Work instructions:
In the listing below, find the line with "Close-up view showing" and copy every line from there up to and including the line with "Une chose est", exactly and without pictures.

Records provided:
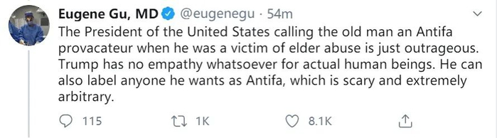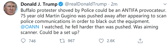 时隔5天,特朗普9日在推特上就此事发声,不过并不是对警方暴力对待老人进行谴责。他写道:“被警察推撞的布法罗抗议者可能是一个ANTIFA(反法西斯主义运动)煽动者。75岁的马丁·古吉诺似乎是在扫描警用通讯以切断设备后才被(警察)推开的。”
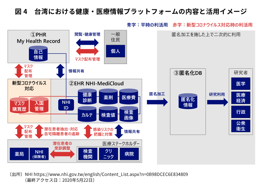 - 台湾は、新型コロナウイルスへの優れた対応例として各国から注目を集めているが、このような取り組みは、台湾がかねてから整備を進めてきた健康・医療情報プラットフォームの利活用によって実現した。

...

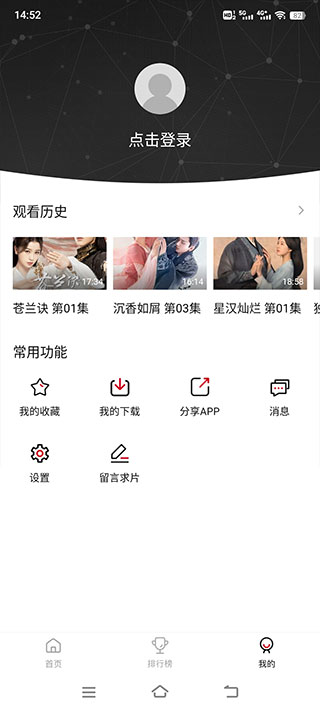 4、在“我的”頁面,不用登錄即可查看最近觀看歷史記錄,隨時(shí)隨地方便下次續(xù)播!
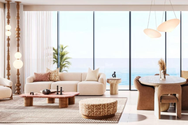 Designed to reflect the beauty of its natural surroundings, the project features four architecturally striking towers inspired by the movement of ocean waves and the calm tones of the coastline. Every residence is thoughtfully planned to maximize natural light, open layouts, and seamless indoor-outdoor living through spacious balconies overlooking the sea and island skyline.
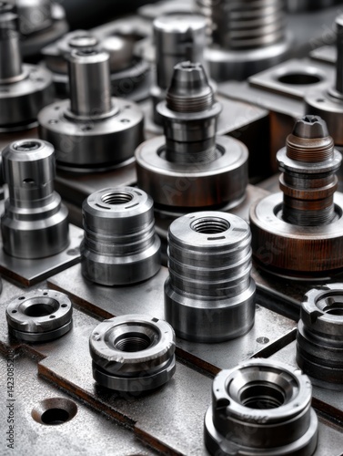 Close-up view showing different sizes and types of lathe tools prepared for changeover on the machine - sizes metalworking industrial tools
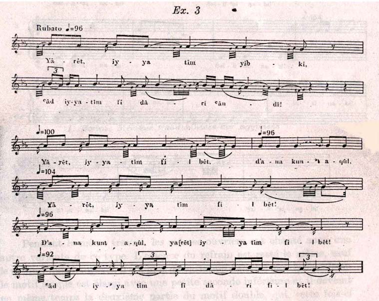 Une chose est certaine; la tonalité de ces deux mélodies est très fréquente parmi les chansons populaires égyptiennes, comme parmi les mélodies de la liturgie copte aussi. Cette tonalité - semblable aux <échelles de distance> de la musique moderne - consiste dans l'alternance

---

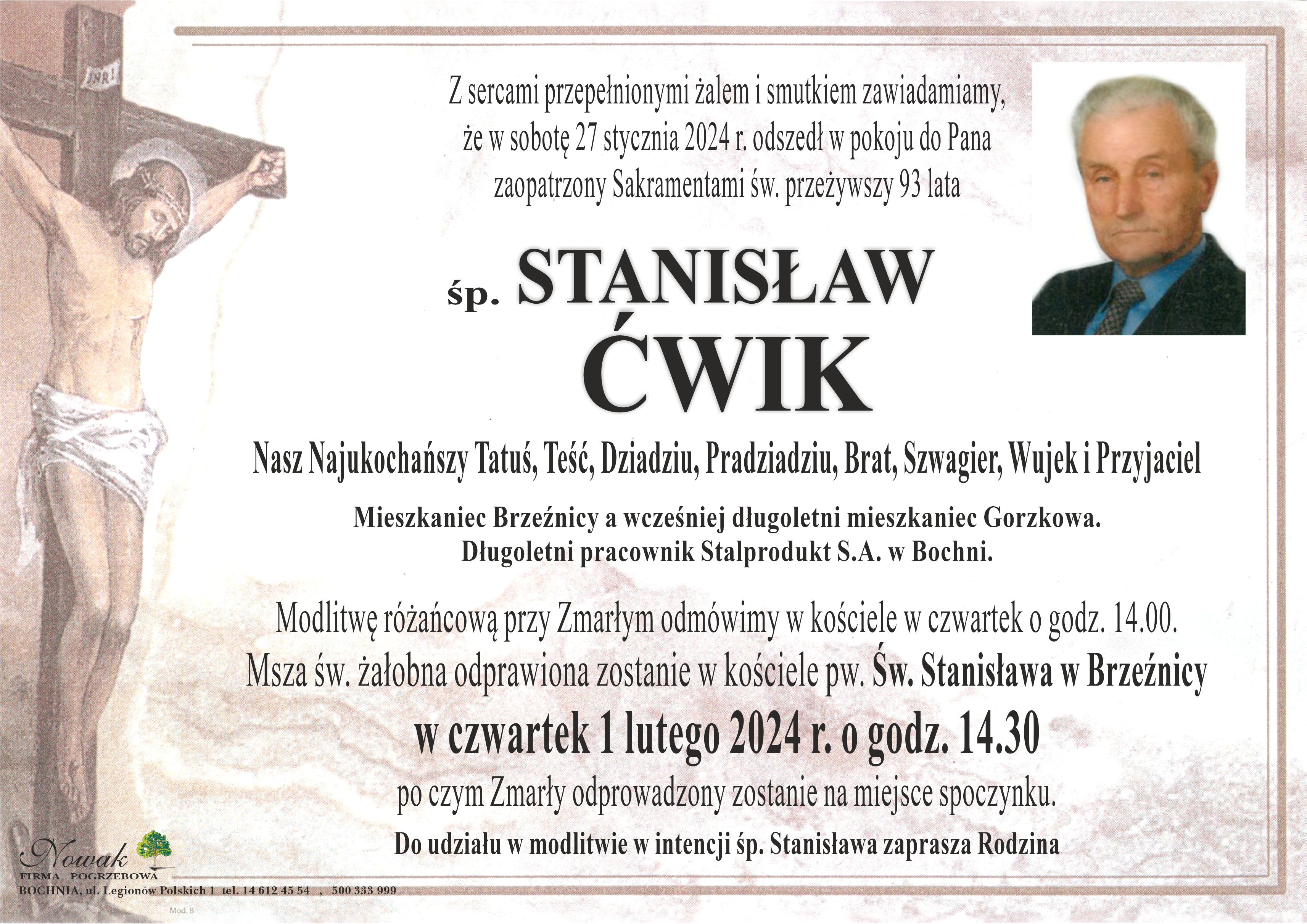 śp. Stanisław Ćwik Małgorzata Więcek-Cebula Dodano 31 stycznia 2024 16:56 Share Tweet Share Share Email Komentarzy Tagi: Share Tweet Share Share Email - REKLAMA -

Response area:
 Close-up view showing different sizes and types of lathe tools prepared for changeover on the machine - sizes metalworking industrial tools
 Une chose est certaine; la tonalité de ces deux mélodies est très fréquente parmi les chansons populaires égyptiennes, comme parmi les mélodies de la liturgie copte aussi. Cette tonalité - semblable aux <échelles de distance> de la musique moderne - consiste dans l'alternance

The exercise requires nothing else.